Indeed, STN neural activity could be used to decode short-timescale motor impairment (figure 4). Significant decoding capability was evident in every PD subject, with MES decoding accuracy varying from 0.17 to 0.84 (r-values correlating SVR estimates to MES in 7 s epochs: mean = 0.49). Decoding accuracy was generally better at somewhat longer timescales (figure 5(a)), reaching a plateau around an 8 s epoch size, but average decoding accuracy with even just 1 s of neural data was nevertheless 0.39 (range: 0.14 to 0.69), increasing to 0.53 (0.29 to 0.88) with 10 s epochs, across all PD subjects.

Figure 4.

Neural decoding of motor performance: time-series. Multi-spectral decoding of motor performance using neural signals obtained from the STN is demonstrated at the 7 s timescale (A) the 3 s timescale (B) and the 1 s timescale (C). In each case, time series for the 10 subjects with the highest decoding accuracies at each timescale are shown (in descending order) to provide a sense of the capabilities of this approach. In each panel, the observed MES (green) is plotted against the SVR-decoded MES (black); SVR estimates are plotted against MES segments with associated neural data that were not used for training the corresponding decoding models.

Figure 5.

Neural decoding of motor performance: timescales and anatomic localization. (A) The mean of subjects’ peak decoding accuracies are shown as a function of timescale. Accuracy tended to increase with increasing window size, though a relative plateau in decoding accuracy was observed at about the 8 s timescale. (B) A wide range of decoder performance was observed across signals, within individuals. Decoding accuracies (r-values, here at the 7 s timescale) are grouped in increasing order by subject. The highest values, reflecting the best achieved decoding performance for each subject, are shown in red. Gray lines show the means of the control analysis in which decoding was performed on neural data shuffled with respect to the MES. (C) To determine if the best decoding performance tended to arise from signals that were anatomically clustered, recordings yielding the highest (top third) and lowest (bottom third) accuracies were localized on an MNI reference volume (approximate outline of STN overlaid in black), and the differences between these were plotted to reveal the sources of the most informative signals. Coronal, axial, and sagittal slices are shown through the region of peak accuracy, observed near the dorsolateral border of the STN (insets: L = lateral; A = anterior).

There was wide variation in the success of MES decoding across signals even within the same subject (figure 5(b)). To determine if this heterogeneity might result from the anatomic source of the neural signals, we next determined the location of the most informative signals by contrasting the top vs. bottom thirds of the decoding models (using all 140 recorded signals across subjects with adequate neuroimaging). The best performing signals arose from the dorsolateral STN, corresponding roughly to the motor subdivision that is classically targeted for DBS therapeutic effect (figure 5(c)). Signals recorded within a region-of-interest (ROI) comprising a 2 mm radius around the center of this ‘hot-spot’ (MNI coordinate: x = ±14, y = −12, z = −6) yielded higher decoding accuracies than those recorded outside this ROI (Mann-Whitney U-test: p = 0.001; inside ROI: r = 0.385, n = 28; outside ROI: r = 0.238, n = 112).

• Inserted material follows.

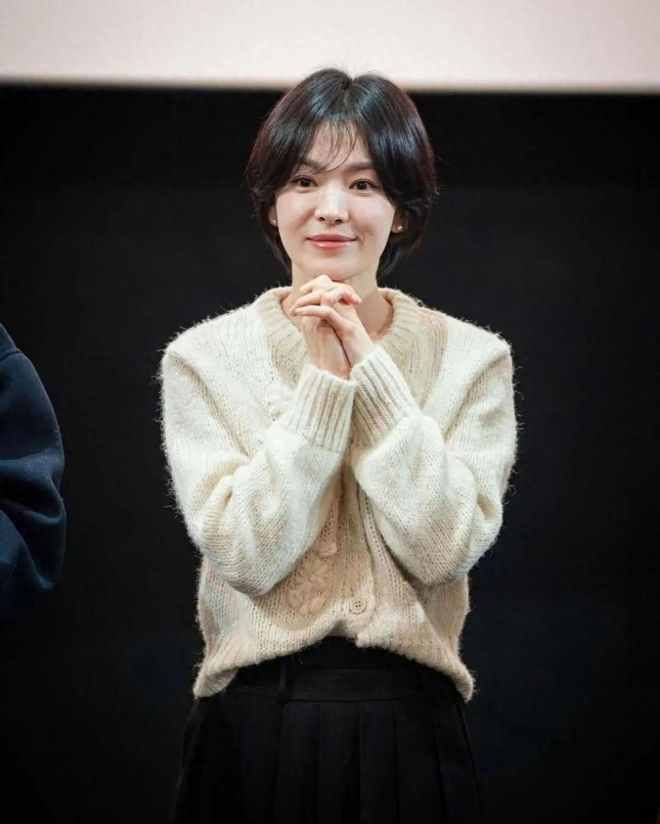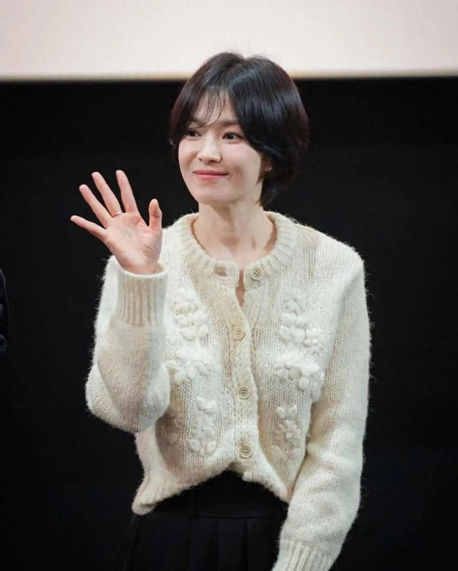 宋慧乔选择的这件米色针织开衫一下将女性温柔感散发在外,轻松拉近与其他人的距离。在设计上,选择花朵式刺绣元素,增添了一份浪漫气息。姐妹们对于这样温柔的穿搭时,会不会用长发飘飘造型来搭配呢,那就来看看宋慧乔的选择。短发造型来搭配,摆脱固有思想,这样一身搭配既显高级又起到减龄的效果。

In general, broadband, multi-spectral decoding of MES performed better than decoding by individual canonical frequency bands (figure 6(a)), consistent with the presence of significant power-MES correlations across all bands, above. To determine the contributions of particular frequency bands to MES decoding, the feature weights of a linear SVR model were examined (figure 6(b)). High positive weights (signifying positive correlations between high LFP power and high MES) were typically assigned to the θ/α and low β bands. Meanwhile, negative weights were more typically assigned to the high β band and vhf bands, suggesting higher LFP power in these frequency ranges was often associated with better motor performance (lower MES). To assess whether a global relationship existed between the SVR spectral weights and peak spectral power in any canonical frequency band, we calculated a Spearman correlation across all recordings and observed no significant correlations (figure S3), suggesting decoding models did not simply leverage the most prominent spectral features.

Figure 6.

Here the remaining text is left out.